Rare variant edition of this detailed map of the Battle of Taos, fought in January 1847.

The map shows the positions of the US Military detachment under the command of Colonel Sterling Price, which was sent from Santa Fe to Taos, New Mexico in January 1847 to respond to local resistance to American Rule, following the taking of New Mexico by the US Army during the Mexican-American War.

The plan shows the location of the various American comanding officers (Dyer, Angney, Hassendaubel, McMillen and Burgwin) arrayed around the northwest walls of the Church at Pueblo de Taos, where they had chased the local resistence.  The positions of Captain Slack and Ceran St. Vrain to the east is also shown, as are positions of unnamed soldiers.

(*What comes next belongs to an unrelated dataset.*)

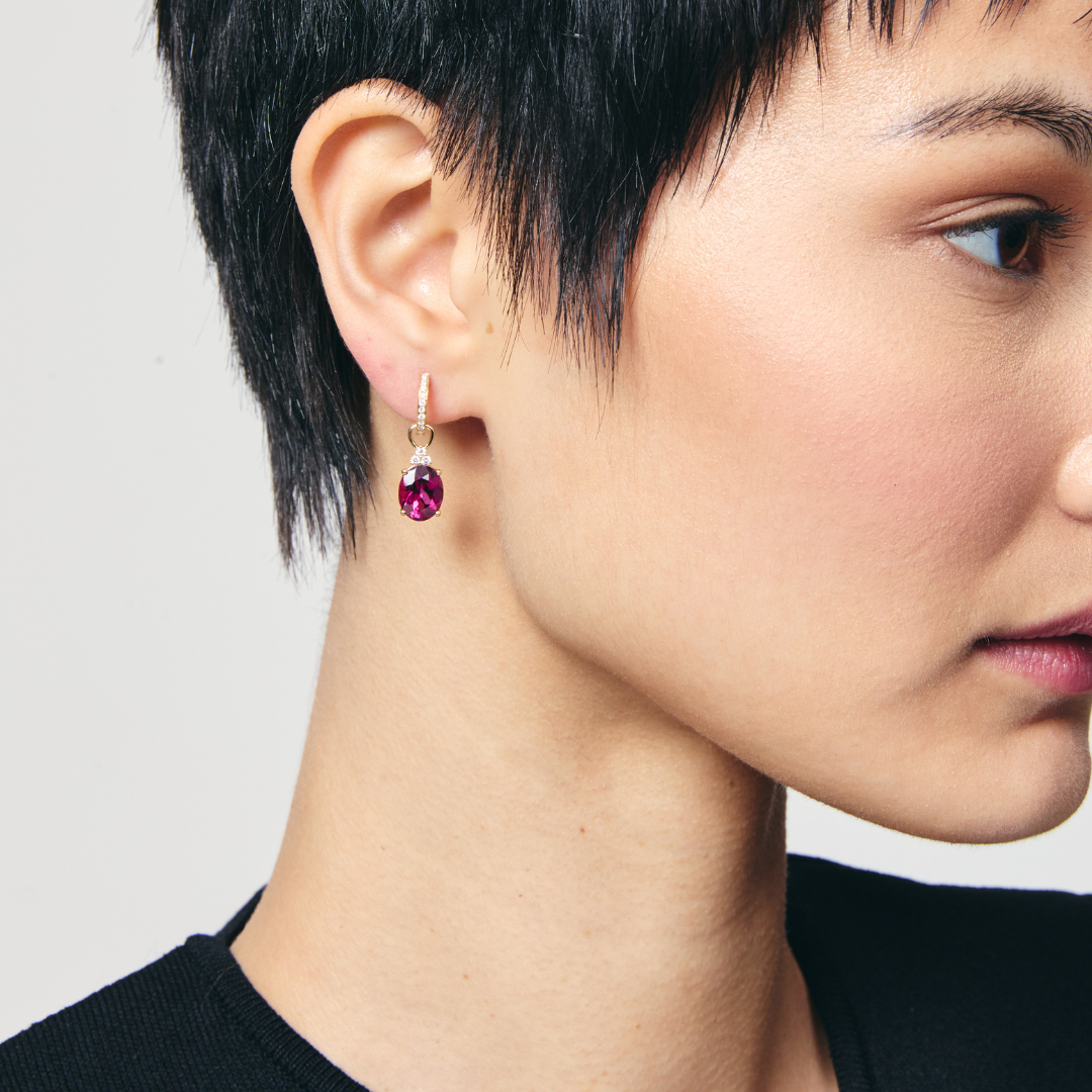 Add an eye-catching pop of colour to your Kiki hoops with these oval rhodolite garnet and tri diamond detachable drops in 18ct yellow gold (rhodolite garnet is approximately 5.30ct, diamond is 0.12ct).

The Battle of Taos was a conflict between American occupying forces and local Mexican resistance in Taos, following the taking of the region by the US Army under the command of Stephen Watts Kearny, at the outset of the Mexican-American War.  After Kearny departed with his forces for California, he left Colonel Sterling Price in command of U.S. forces in New Mexico and appointed Charles Bent as New Mexico's first territorial governor.  

New Mexican citizens resented the American occupation and feared that their land titles would not be recognized by the United States and that American sympathizers would prosper at their expense. After Kearny's departure, local resistance in Santa Fe plotted an uprising, which was joined by numerous Native American allies, including Puebloan peoples, who also wanted to push the Americans from the territory.

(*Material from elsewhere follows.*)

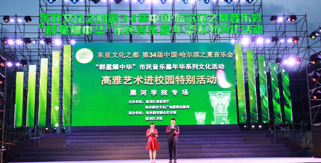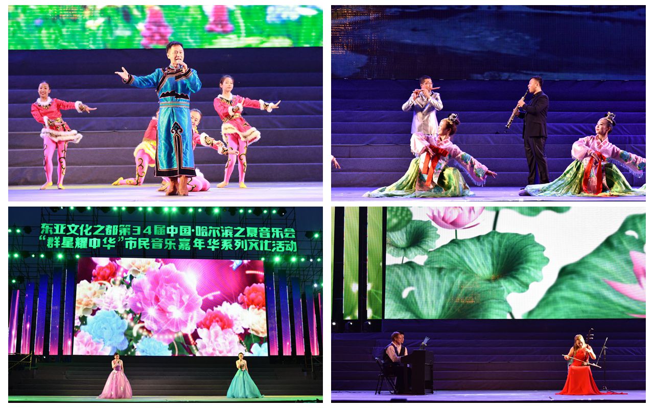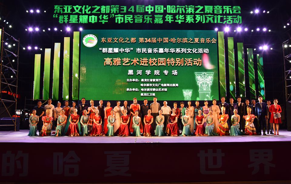 本网讯(记者 赵宇 摄影 宋国旺)展示东亚文化之都无限魅力,为第34届“哈夏”音乐会助力添彩,7月12日晚,第34届中国·哈尔滨之夏音乐会“群星耀中华”市民音乐嘉年华系列文化活动beat365体育官方网站专场演出在中央大街防洪纪念塔广场举行。本次活动作为黑龙江省教育厅高雅艺术进校园特别活动,由黑龙江省教育厅、哈尔滨市文化广电新闻出版局主办,黑龙江卫视、哈尔滨市群众艺术馆共同承办,引起社会各界广泛关注。省教育厅艺体卫处处长李向东到现场观看演出。beat365官网党委书记王刚陪同哈尔滨体育学院党委书记曹百瑛(原beat365体育官方网站党委书记)、哈尔滨石油学院党委副书记杨宏(原beat365体育官方网站党委副书记)与现场近万名观众一同欣赏了具有中俄风情的音乐盛宴。

The insurrection began at Taos on January 19, 1847, led by Pablo Montoya, a Hispano, and Tomás Romero, a Taos Puebloan. Romero led a Native American force to the house of Governor Charles Bent, where they broke down the door, and wounded Bent, who would ultimately be killed and scalped. The rebel force killed and scalped several other government officials, along with others seen as related to the new US territorial government, including  Stephen Lee, acting county sheriff; Cornelio Vigil, prefect and probate judge; and J.W. Leal, circuit attorney. "It appeared," wrote Colonel Price, "to be the object of the insurrectionists to put to death every American and every Mexican who had accepted office under the American government."

Colonel Price led more than 300 US troops from Santa Fe to Taos, together with 65 volunteers, including a few New Mexicans, organized by the Bent Brothers' business partner, Ceran St. Vrain. Along the way, the combined forces beat back a force of some 1,500 Hispanos and Puebloans at Santa Cruz de la Cañada and Embudo Pass. The insurgents retreated to Taos Pueblo, where they took refuge in the thick-walled adobe church, but were ultimately captured, tried and put to death in April 1947.

Variant Edition

The present example lacks a page number and is different than the editions which were included in published reports.  The embellishment to the title is also different.